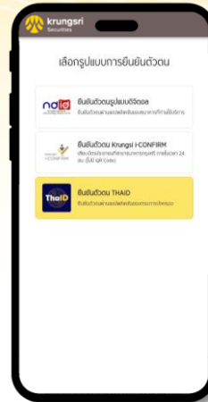
4 เลือกการยืนยันตัวตนด้วยบริการ ThaiID
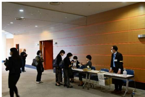
観覧のみなさんをお出迎え

当日の運営は庁内公募により結成されたカイゼンサポーター11名が中心となり、司会、舞台演出など多岐にわたる運営を行いました。
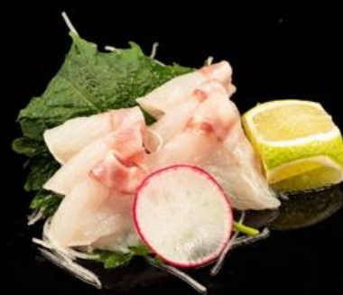
70 SASHIMI DI BRANZINO 6pz:
● ● ●
### EXERCISE DIRECTIONS
Using the data above, print every line exactly, omitting pictures.

### EXERCISE ANSWER
4 เลือกการยืนยันตัวตนด้วยบริการ ThaiID
観覧のみなさんをお出迎え

当日の運営は庁内公募により結成されたカイゼンサポーター11名が中心となり、司会、舞台演出など多岐にわたる運営を行いました。
70 SASHIMI DI BRANZINO 6pz:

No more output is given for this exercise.